Photo by Randy Fath on Unsplash

Agile planning is hard for enterprise and cloud-native development. Enterprise and cloud-native products share the common characteristics of distributed systems with multiple runtimes and networked traffic. For example, a simple 3-tier reference architecture on Google Cloud consists of two Cloud Run services, one Cloud SQL instance, and one Cloud Memorystore service. For the build process, it consists of Cloud Build and Secret Manager. There are more services to consider for networking and security. A Team or individual may be responsible for each of these services. A new feature or enhancement may affect multiple services. How do you plan and track the progress of features?

Problem

Each Team or individual creates stories or tasks for their systems and tracks their progress. This siloed tracking makes it difficult to track the overall status because the feature status has to be deduced manually from many different tickets and is subject to interpretation.

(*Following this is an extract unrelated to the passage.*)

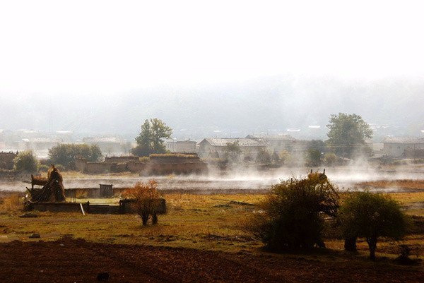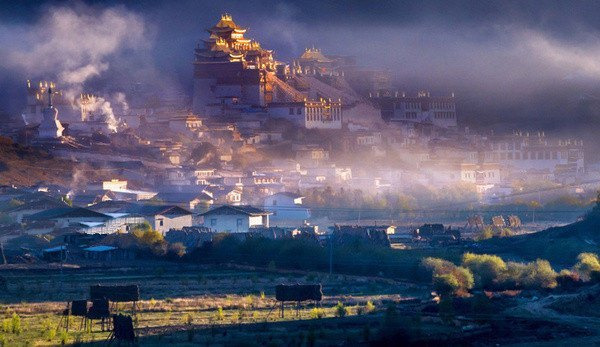 松赞林寺依山而建,外形是仿西藏拉萨的布达拉宫,集藏族造型艺术之大成,因此也被称为”小布达拉宫“。清晨的松赞林寺晨雾燎绕,桑烟四起,更显神秘宗教色彩。

The second issue is with measuring metrics such as lead time. How long does a change take to complete? We know the average task or story completion time, but often adding them up does not give an accurate picture because different Teams may have worked on the change at various times, which means, in reality, the lead time was much longer. The lead time could also be shorter than the sum because some tasks were completed in parallel.

The issue with being unable to measure lead time is that it hinders resource planning. Management may think we need more developers because of slow lead time, but the delays may be because there was not enough breakdown of tickets, large tickets were in progress for a long time, or there was too much work in progress.

Solution

Epics are ideal for tracking the completion of a feature. Epics are just big stories, but nothing prevents them from being as small as a story sometimes. They have traditionally been used to track a group of stories, so they align with both Scrum and Kanban methodologies. Unlike stories that ideally need to finish within a sprint, there is no pressure to appropriately size epics.

The Epic captures the behavior of different systems in tasks or stories. For example, adding a new customer may mean adding them to the authentication, feeds, and metadata management systems. Adding a new customer is done when all three are done.

Much of the consideration for the story is taken up at the Epic level. For example, the acceptance criteria, system tests, and the definition of done are applied to the Epic.

Recommended Workflow

While there are many ways to implement an Epic-based workflow, a simple Kanban workflow that may work is as follows.

  • A Feature is only documented, not ticketed because a feature has a different lifecycle than a ticket. Features are typically upgraded over time due to business or compliance needs unless retired or obsoleted.
  • A Feature is implemented as a series of Epics. Each Epic has a start and target end date.
  • An Epic is scheduled for development before work begins. At this stage, the Epic is broken down into stories or tasks.
  • Stories and Tasks move from backlog to in-progress to complete.
  • When a story or task is in progress, the parent Epic is also in progress. The Epic is also done when all the stories and tasks are done.

Other Considerations

  • An Epic is a good candidate for evolving the system's architecture since the Epic potentially affects multiple components.
  • When multiple people work on an Epic's stories or tasks, who owns the Epic? Each Team may solve it differently - a team lead, a product manager, or someone else. I recommend the most affected component's Lead programmer to be the Epic owner, but if all components are affected equally, pick the person responsible for all of the components.
  • Epics can be demonstrated to show progress to stakeholders and get end-to-end feedback.